Clarification: The term robustness is used here to represent the stability and reliability of a research finding, given the data. It might help to think about it in this way: imagine 100 analysts received the original data and devised their own means of investigating the central claim (e.g using a different, but entirely appropriate statistical model or technique), how many would find a statistically significant effect (defined with and alpha of 0.05) in the same direction as the original finding? 

You should assume that any such analyses are conducted competently and in good faith.

Answering the robustness question:

Like Q4: Replicability, we ask you to provide a lower bound, upper bound and best estimate. In making these determinations, consider all the reasons why another researcher using a different analytic approach on the original data might find a result that is (not) consistent with the original claim, and provide your best estimate on the balance of the evidence. 

This question has two parts, asking you to give an overall rating, and identify the features of the study that affect its generalizability.

Question 6a: Going beyond close replications and reanalyses, how well would the main findings of this paper generalize to other ways of researching this question?

Purpose: To assess whether the main claim(s) of the paper would hold up under different ways of studying the question. 

Clarification: This question is asking about generalizations of the original study or ‘conceptual replications’. We want you to consider generalizations across all relevant features, such as the particular instruments or measures used, the sample or population studied, and the time and place of the study.

Answering the generalizability rating question:

This question is asked on a scale of 0 to 100, where 0 means the central claim is not at all generalizable and 100 means it is completely generalizable.

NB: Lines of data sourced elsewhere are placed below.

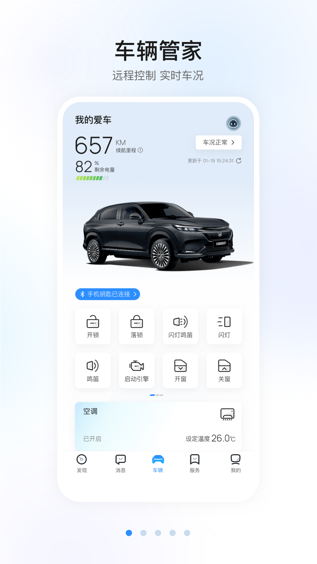 【远程操控】无论何时何地,您都能通过APP查看车辆状况、实时定位车辆所在位置,并且可以对空调等进行控制。
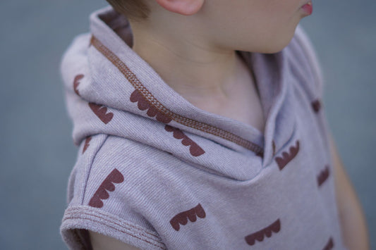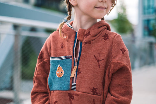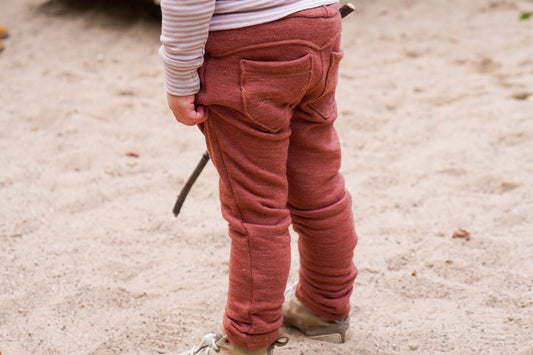 Biller på rustrød økologisk ull/silke frotté (organisk, mulesing-fri)
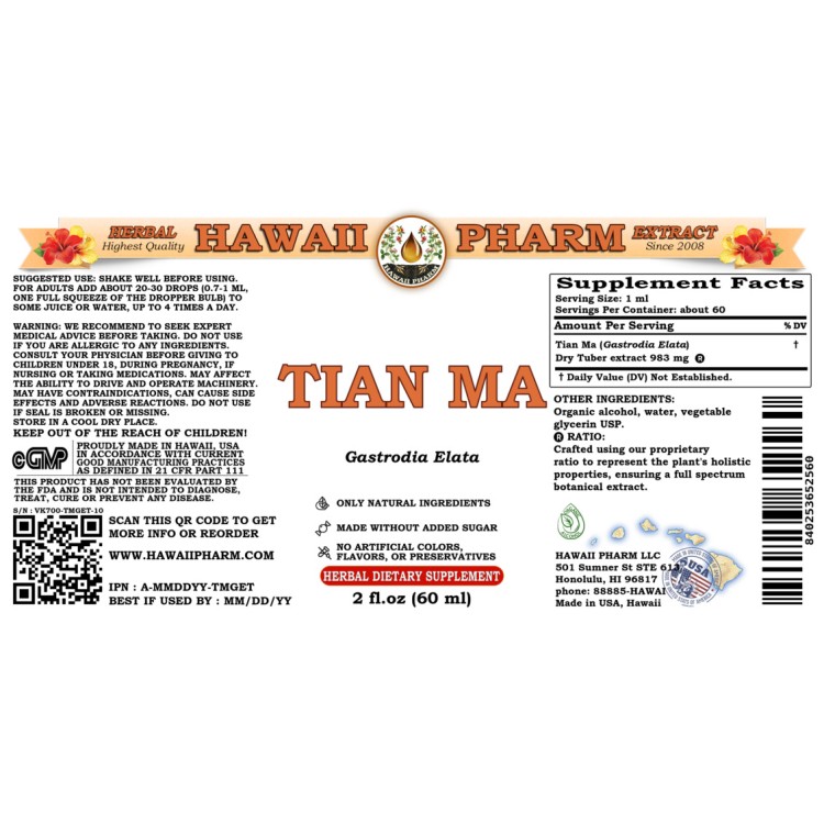 • Tian Ma liquid extract contains ONLY natural ingredients!

We know that there are many different features of a given study that potentially limit generalizability, and they may have different levels of concern, so it might be unintuitive to provide a single rating across all of them. You might want to imagine 100 (hypothetical) conceptual replications of the original study, each of which varies just one specific aspect of the study design (e.g. sample, location, operationalisation of a variable of interest,…) while holding everything else constant. Across this hypothetical set of conceptual replications, all relevant aspects of the study are varied in turn. How many of these do you estimate would produce a finding that is consistent with the finding in the original study? 

Question 6b: Please select the feature(s), if any, that you think limit the generalizability of the findings.

Purpose: To capture study features that raise substantial generalizability concerns.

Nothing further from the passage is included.